For one brutal moment, Libby considered it. Imagined Hugo gone, the baby asleep in the corner of a dressing room as she tried to earn a living, begging for parts she’d have turned her nose up at a year ago. Then the vision cleared and she imagined the baby at her breast, the fierce pull of love. She’d never known a love like it.

‘No,’ Libby said. ‘No.’

‘It’s not the end of the world for you, Libby. You and Freddy could make a go of it. You could even have another baby.’ Pamela tried to reach for Libby’s hand again but she scraped her chair back, flinched away from her.

It was quite clear that things had ended with her lover, Hugo was intent on leaving her, and Pamela was desperate to cling on by any means necessary.

‘Hugo,’ Libby said, as she struggled to her feet because never had she felt so weighed down. ‘Hugo,’ she said his name again as if it were a lifebelt being thrown out as she flailed in choppy waters. ‘He loves me.
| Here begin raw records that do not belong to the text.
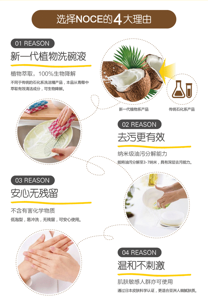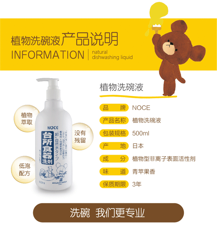 用于餐具、果蔬、婴幼儿用品 · 日本NOCE植物洗碗液-青苹果香 500ml|一般贸易
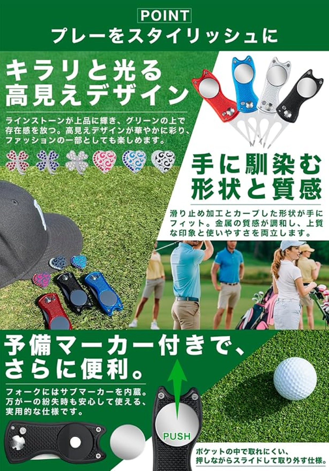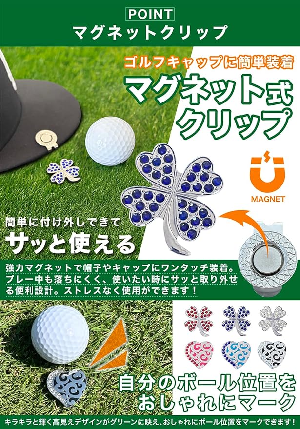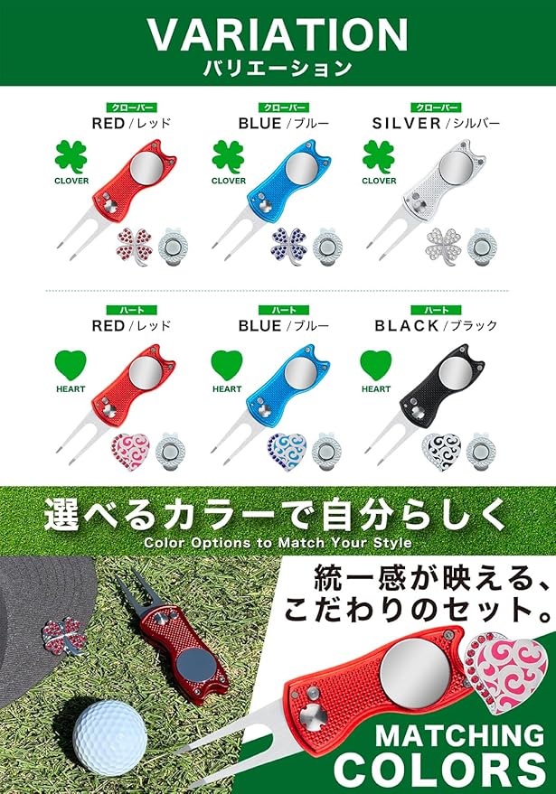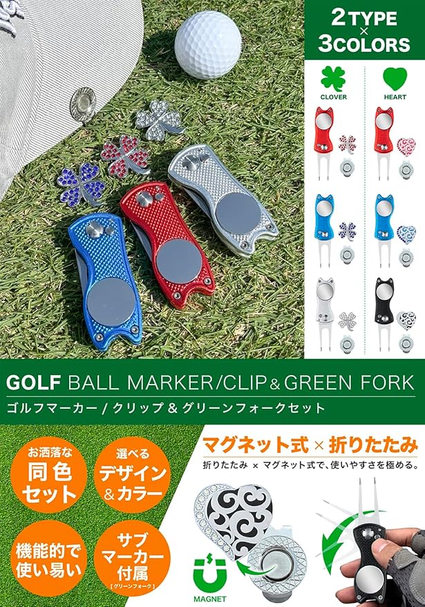 【選べるスタイリッシュカラー】四つ葉のクローバー(3色)とハート型(3色)マーカーから選べるセット。折りたたみ式グリーンフォークとハットクリップ付き、カラーもコーディネートされていてコースでの注目度アップ!
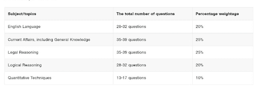 150 comprehension-based multiple-choice questions (MCQs) from five subjects—English Language, General Awareness, Current Legal Reasoning, Quantitative Techniques, and Logical Reasoning—make up the CLAT exam paper for UG courses.

I love him. That’s what you seem to forget. I’m having his child and we’re going to be very happy together and there’s absolutely nothing you can do about it.’

‘You stupid girl, he doesn’t love you,’ Pamela said, rising to her feet as well so they stood facing each other and glaring over the sandwiches with their crusts cut off, the delicate array of cakes arranged on bone china. ‘He told me himself that he could never love a woman who let him do the things that you’ve let him do.’